::: EXCERPTED DATA :::

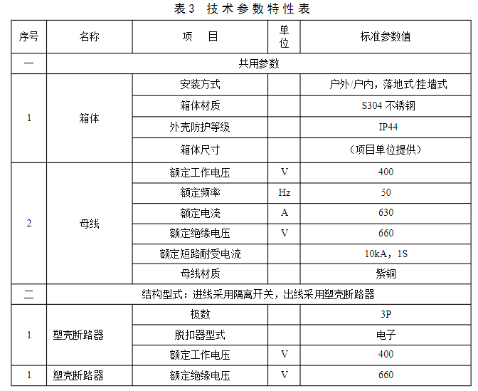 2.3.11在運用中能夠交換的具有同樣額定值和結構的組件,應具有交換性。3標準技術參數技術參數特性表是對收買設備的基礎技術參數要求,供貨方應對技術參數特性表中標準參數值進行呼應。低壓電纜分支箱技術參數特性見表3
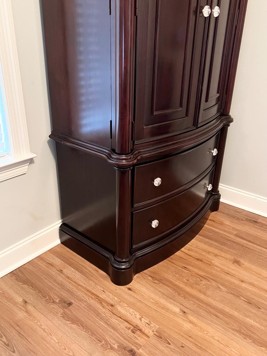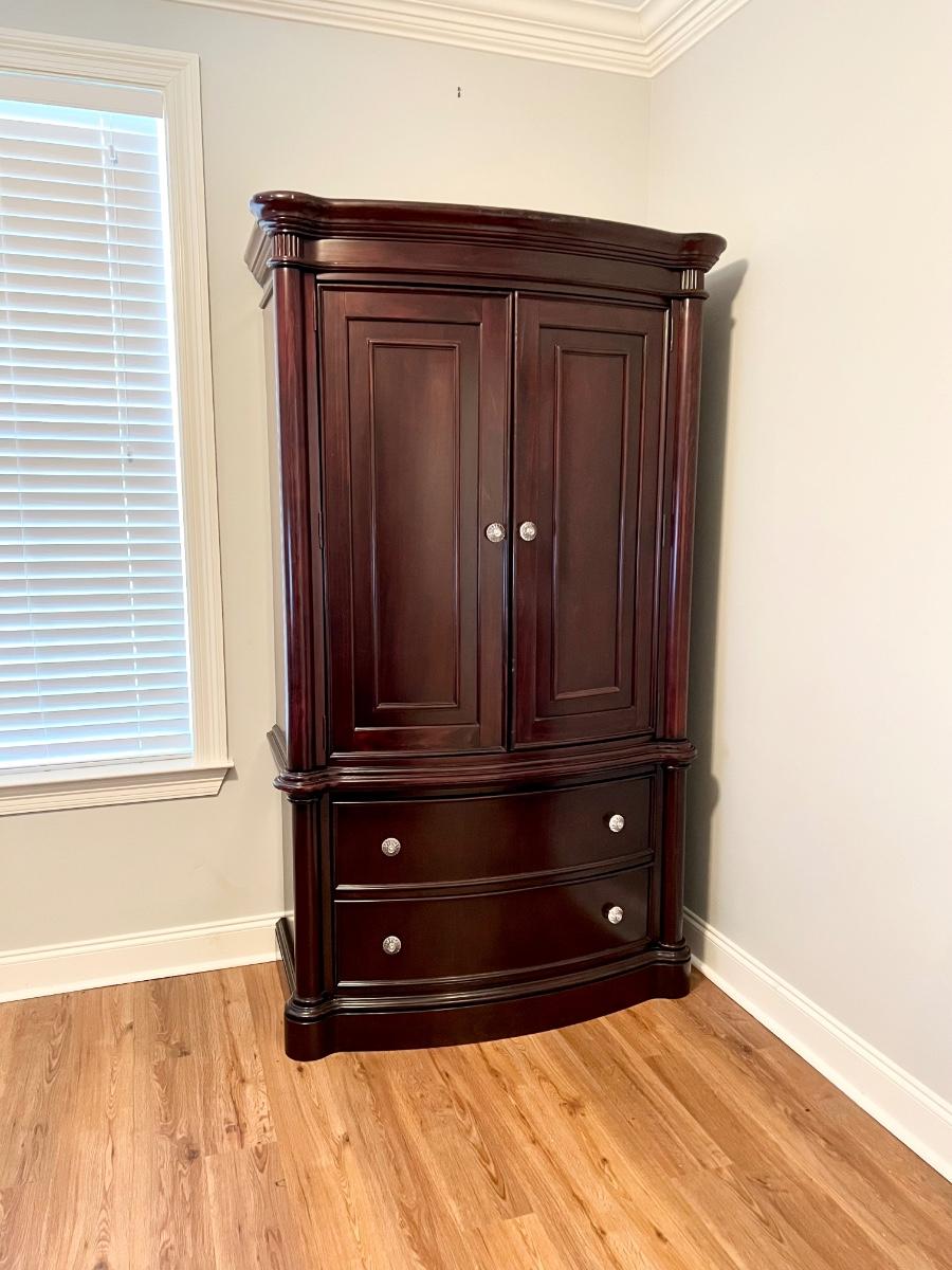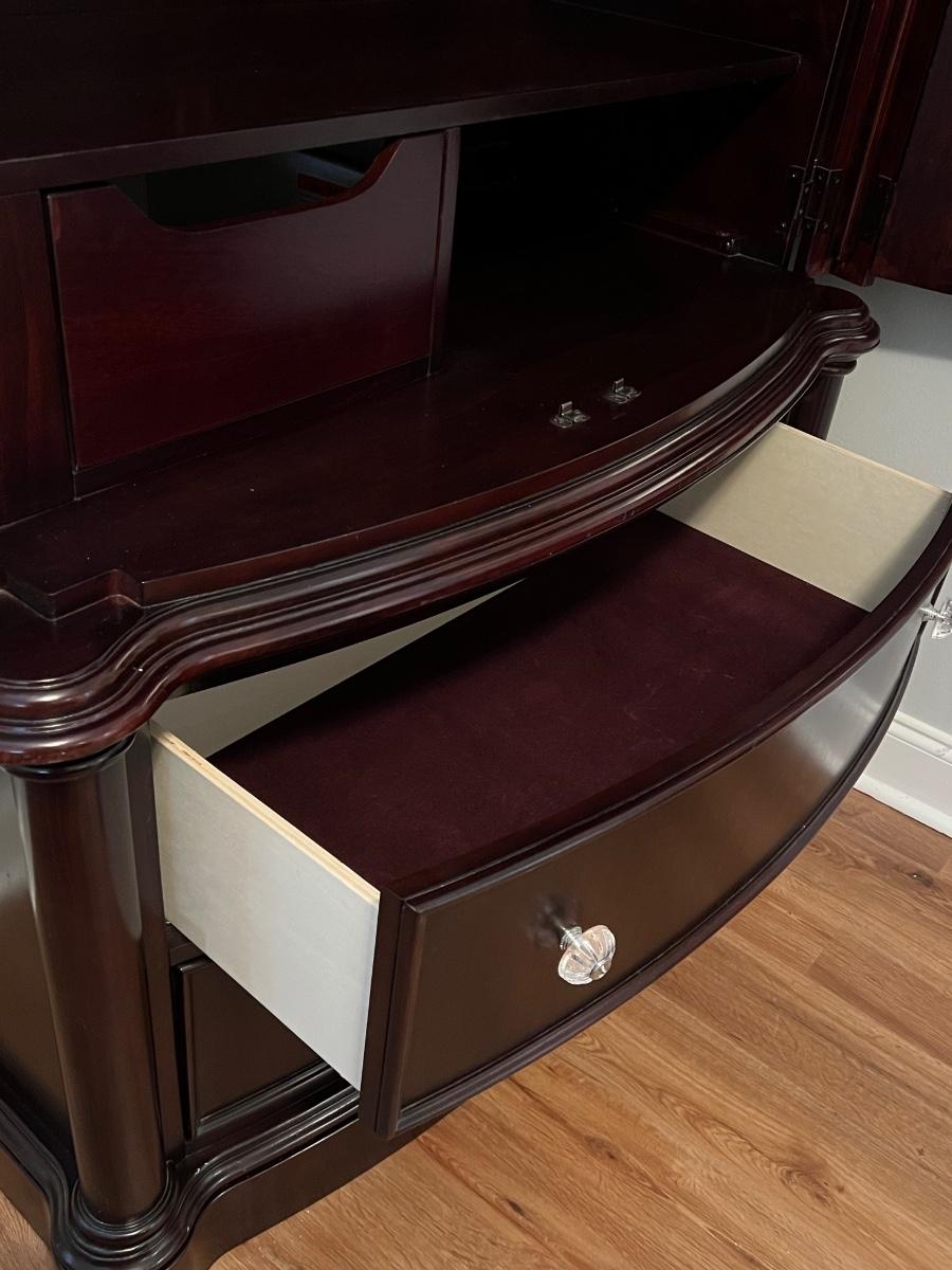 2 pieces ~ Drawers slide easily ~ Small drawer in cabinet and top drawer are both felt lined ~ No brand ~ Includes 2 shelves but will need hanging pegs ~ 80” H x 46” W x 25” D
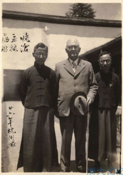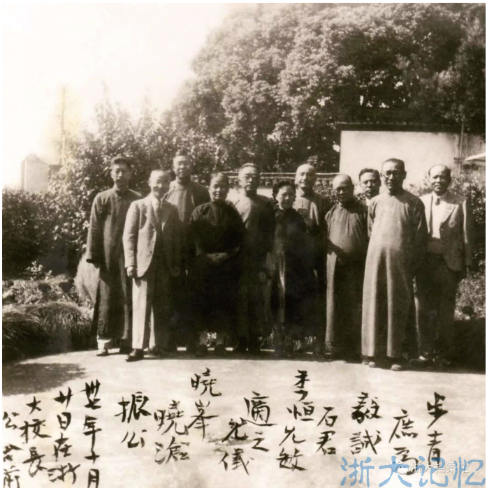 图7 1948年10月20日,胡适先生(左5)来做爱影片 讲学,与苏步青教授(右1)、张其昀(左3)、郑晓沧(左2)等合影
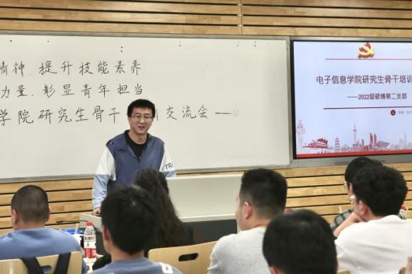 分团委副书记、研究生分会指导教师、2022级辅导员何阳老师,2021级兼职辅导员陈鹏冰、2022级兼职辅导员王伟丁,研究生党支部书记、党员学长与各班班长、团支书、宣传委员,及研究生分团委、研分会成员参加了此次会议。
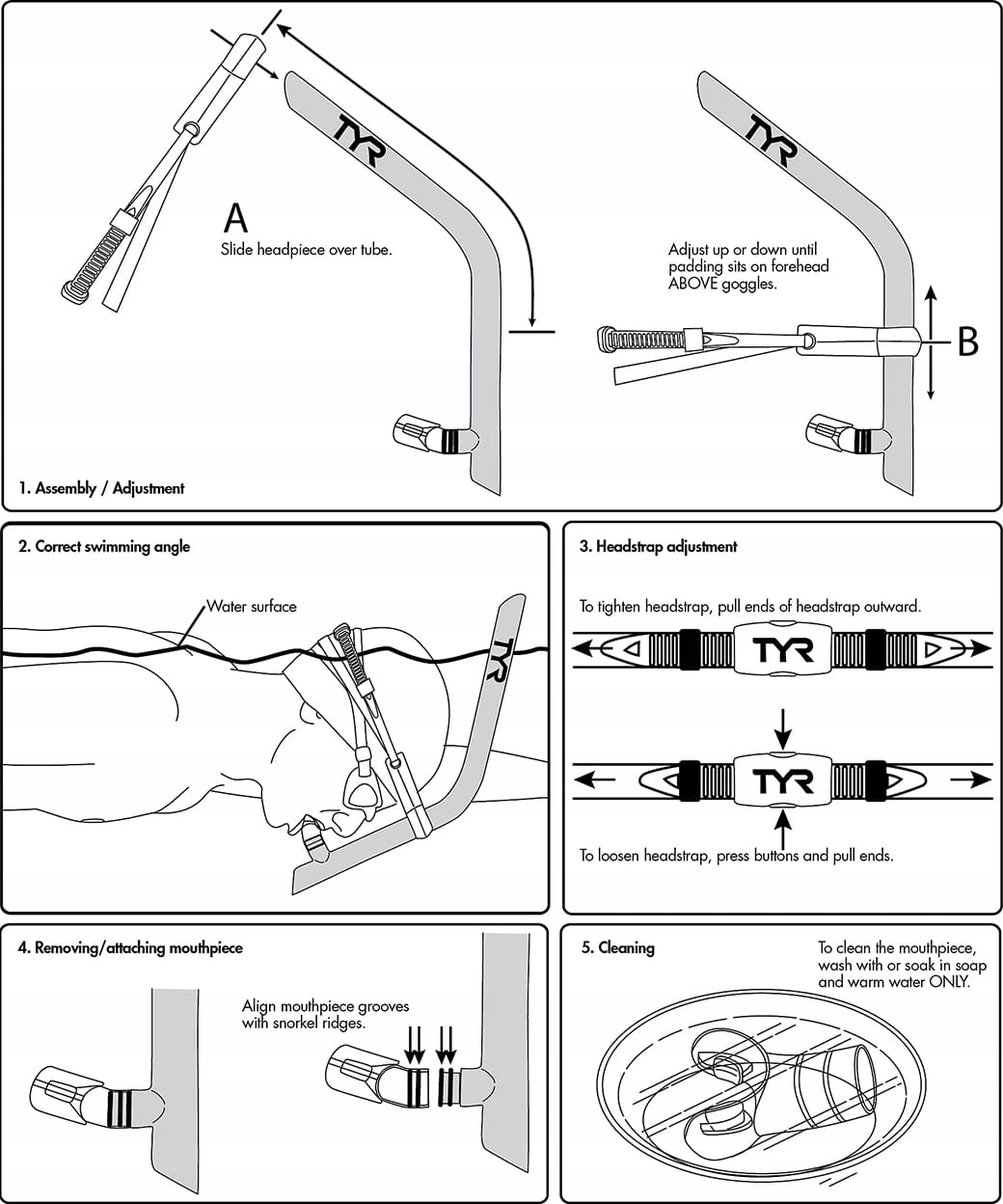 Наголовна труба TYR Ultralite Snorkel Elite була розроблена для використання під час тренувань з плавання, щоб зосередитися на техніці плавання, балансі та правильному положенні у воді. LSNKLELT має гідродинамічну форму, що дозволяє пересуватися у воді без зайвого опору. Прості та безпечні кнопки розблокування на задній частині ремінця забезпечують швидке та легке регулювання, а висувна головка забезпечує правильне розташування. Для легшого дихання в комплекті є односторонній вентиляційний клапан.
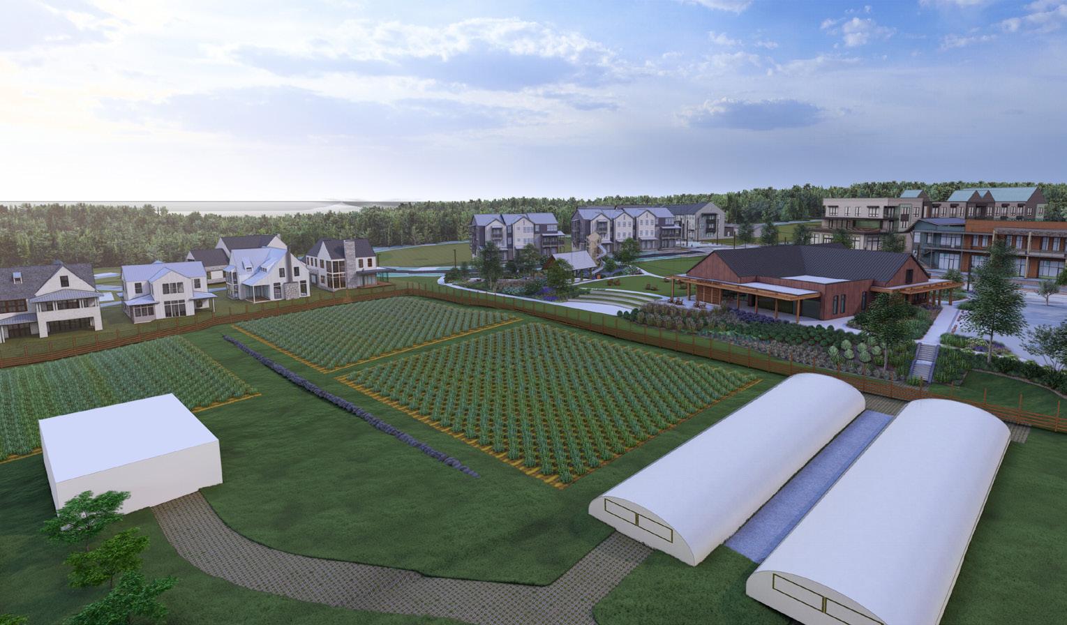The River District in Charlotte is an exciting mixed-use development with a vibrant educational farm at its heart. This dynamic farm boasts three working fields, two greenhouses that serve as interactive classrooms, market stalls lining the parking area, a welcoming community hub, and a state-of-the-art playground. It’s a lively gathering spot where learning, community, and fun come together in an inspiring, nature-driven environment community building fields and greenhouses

:::

TASK DIRECTIONS
Above are records; repeat only the lines from the line with "图7 1948年10月20日,胡适先生(左5)来做爱影片 讲学,与苏步青教授(右1)、张其昀(左3)、郑晓沧(左2)等合影" through the line with "分团委副书记、研究生分会指导", and leave pictures out.

REPLY TO THE EXERCISE
 图7 1948年10月20日,胡适先生(左5)来做爱影片 讲学,与苏步青教授(右1)、张其昀(左3)、郑晓沧(左2)等合影
 分团委副书记、研究生分会指导教师、2022级辅导员何阳老师,2021级兼职辅导员陈鹏冰、2022级兼职辅导员王伟丁,研究生党支部书记、党员学长与各班班长、团支书、宣传委员,及研究生分团委、研分会成员参加了此次会议。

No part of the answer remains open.